• [Record extracts]:
○ ○ ○ ○

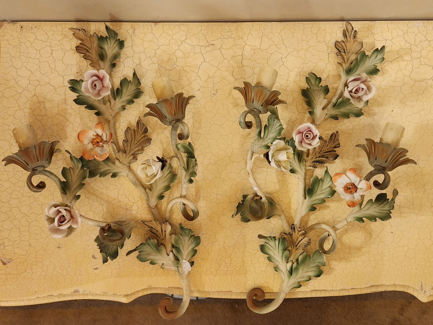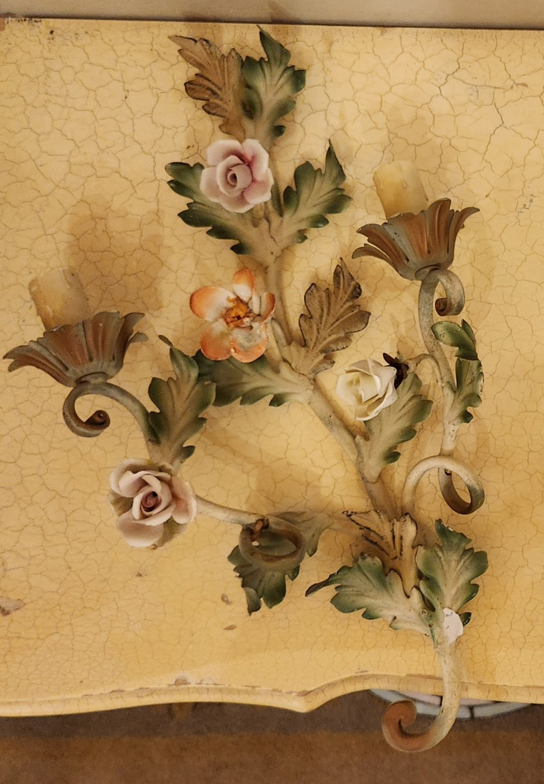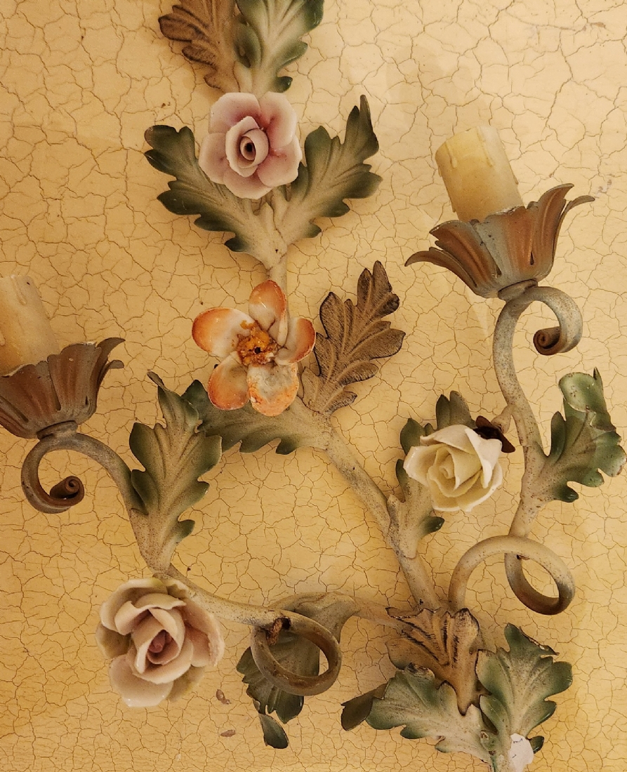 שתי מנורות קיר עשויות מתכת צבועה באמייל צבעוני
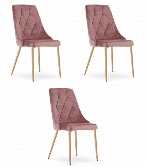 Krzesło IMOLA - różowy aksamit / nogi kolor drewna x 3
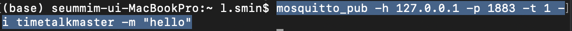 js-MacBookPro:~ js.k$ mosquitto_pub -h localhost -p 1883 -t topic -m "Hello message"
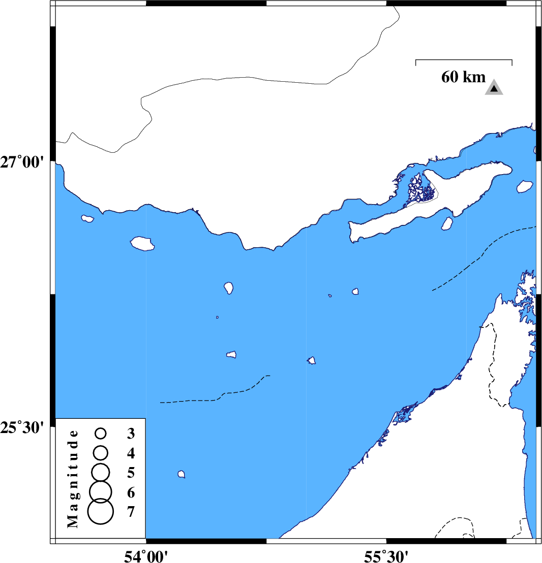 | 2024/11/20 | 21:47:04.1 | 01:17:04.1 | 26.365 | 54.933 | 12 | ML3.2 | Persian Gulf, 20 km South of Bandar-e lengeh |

○ ○ ○ ○

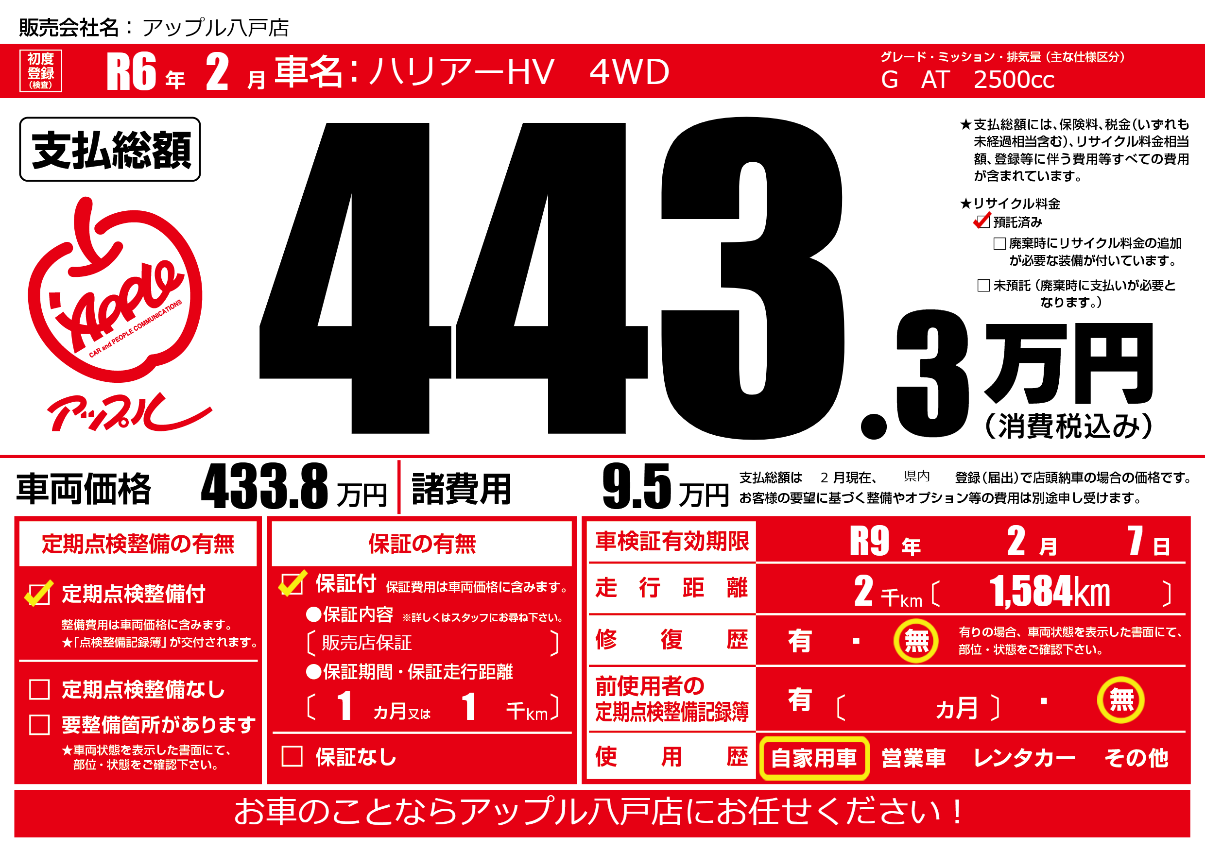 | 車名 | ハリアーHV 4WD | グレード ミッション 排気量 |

○ ○ ○ ○

• [Activity]: Copy word for word the lines of the records above from the one with "שתי מנורות קיר" up to and including the one with "js-MacBookPro:~ js.k$ mosquitto_pub". Skip the pictures.

• [Completed task]:
 שתי מנורות קיר עשויות מתכת צבועה באמייל צבעוני
 Krzesło IMOLA - różowy aksamit / nogi kolor drewna x 3
 js-MacBookPro:~ js.k$ mosquitto_pub -h localhost -p 1883 -t topic -m "Hello message"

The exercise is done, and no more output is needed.